Release Notes Release 0.7.0 (BETA)

Key Features and Enhancements

Added initial support for JAX framework.

Added Flax modules for LayerNorm, DenseGeneral, LayerNormDenseGeneral, LayerNormMLP, RelativePositionalEmbeddings, and TransformerLayer.

Added support for 1D tensor parallelism.

Optimized performance of FP8 training using spatial parallelism in pyTorch.

Optimized performance of casting to FP8 for small matrices.

Added support for FP8 execution on Ada architecture. This support requires CUDA 12.1 and cuBLAS 12.1.3 or later.

Changed the length of the amax history window in the default FP8 recipe to 1024, the value recommended for very large model training.

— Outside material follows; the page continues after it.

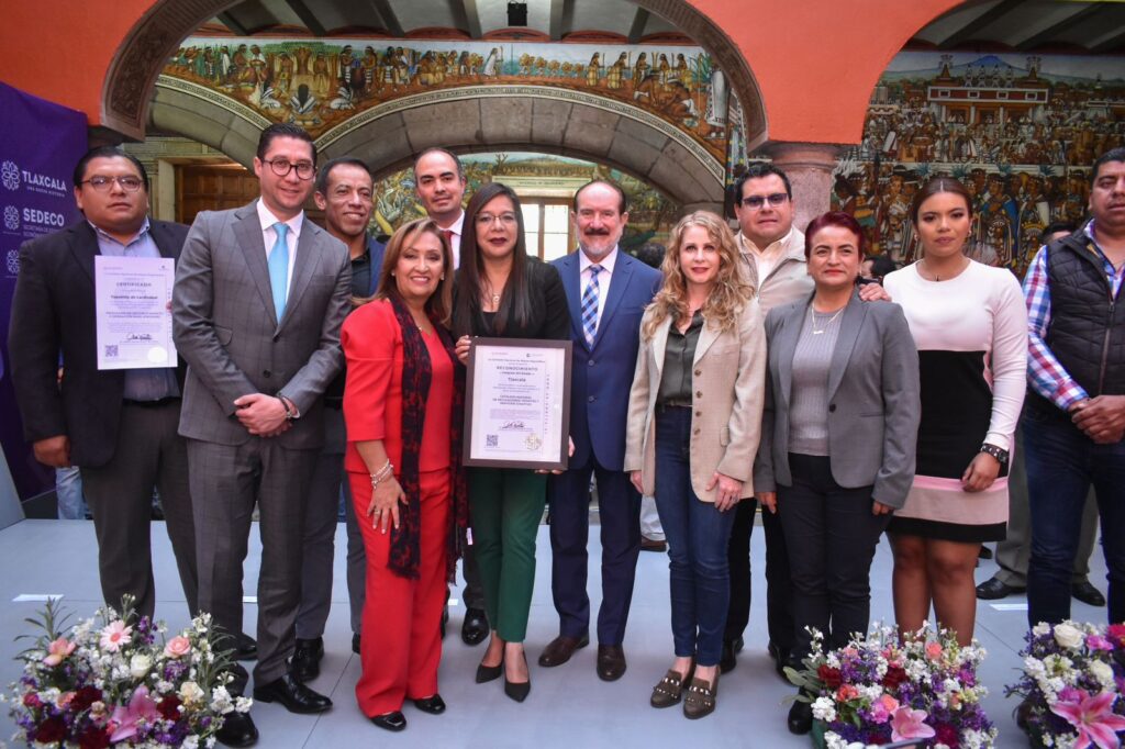 En Palacio de Gobierno, el Comisionado Nacional de Mejora Regulatoria del Gobierno de México, Alberto Montoya Martín del Campo, y la gobernadora del Estado, Lorena Cuéllar Cisneros, entregaron el reconocimiento a la presidenta de la Mesa Directiva de la LXIV Legislatura, diputada Leticia Martínez Cerón, que ubica a Tlaxcala como el segundo Congreso del país en cumplir con todas las disposiciones de la Ley General de Mejora Regulatoria.

Fixed Issues in This Release

Fixed an issue where training with Transformer Engine left a zombie process running.

Fixed an issue where passing the return_bias argument overrode the value of the bias argument.

Fixed an issue where in some cases Flash Attention was erroneously launched using an unsupported configuration on Ada architecture.

Known Issues in This Release

There are no known issues in this release.

Breaking Changes in This Release

There are no breaking changes in this release.

Deprecated Features

The TransformerLayer arguments attention_softmax_in_fp32 and apply_query_key_layer_scaling are deprecated, and will be removed in a future release. The default behavior is as if those arguments were set to True.